Ihr „bereichernder und vielfältiger Alltag“ betrifft auch den Kontakt zu Lehrern und Eltern: Was in eine „gesunde Brotdose“ gehört, erfahren Erwachsene im Elterncafé der Clara-Grunwald-Schule: Ernährung, aber auch Cyber-Mobbing und Bodyshaming seien Themen, die für 35 Besucher in vier Sprachen übersetzt werden.

„Viele Eltern sind unsicher und haben keine Kompetenz, um ihre Kinder emotional zu stärken, sie nehmen ihnen vieles ab“, meint Dr. Mario Bauer, der für die Gesundheitsförderung in Hamburg-Nord zuständig ist: „Wir haben einen gesamtgesellschaftlichen Auftrag.“ Oft kämen die Kinder „ohne Wissen, Kompetenzen und Grenzen an die Schule. Aber Schule kann nicht alles auffangen, die Schulkräfte gehen auf dem Zahnfleisch“, sagt Gabriele Kutscher, die ebenso an Beratungslehrer, Sozialpädagogen und Schulpsychologen denkt.

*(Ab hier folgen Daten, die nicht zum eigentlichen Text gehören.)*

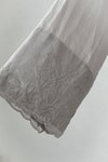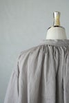 中国汕頭(スワトウ)の、 デットストックの汕頭ハンカチをリメイクしたチャーチブラウスです。 160番手の繊細なラミー生地にたっぷりギャザーを入れて、 ボリュームを出しています。 長めの着丈なのでジレやべストと相性のよい一着。 ハンカチの刺繍は全て手仕事で作られています。

Kinder liegen in ihrer Entwicklung ein bis zwei Jahre zurück

Mangelndes Sozialverhalten, keine Gruppenkompatibilität, schlechter Gesundheitszustand: „Unsere Schuleingangsuntersuchungen zeigen, dass die Kinder in ihrer Entwicklung ein bis zwei Jahre zurückliegen“, bestätigt Dr. Jürgen Duwe. Der Leiter der Bergedorfer Gesundheitsamtes wünscht sich ein solches Projekt auch an weiterführenden Schulen: „Ist denn wenigstens für die Grundschulen eine Verstetigung geplant?“

Das sei die Hoffnung, „aber erst warten wir die Evaluation durch die Lüneburger Universität ab“, sagt Gabriele Kutscher – und weiß doch, dass es an Personal mangelt: Zunächst waren 29 Grundschulen angedacht, dann nur noch 19, „aktuell können wir acht Gesundheitsfachkräfte an elf Grundschulen einsetzen“. Hier und da gibt es also auch auf organisatorischer Ebene Uneinigkeiten: Vermeldet der Verband der Ersatzkassen das Projektende etwa für April 2025, weiß Kutscher: „Ende ist am 31.12. 2024.“ In jedem Fall aber begrüßen Bergedorfs Lokalpolitiker die Bemühungen und hoffen, dass bald noch mehr Kinder „Gesund aufwachsen in Bergedorf“.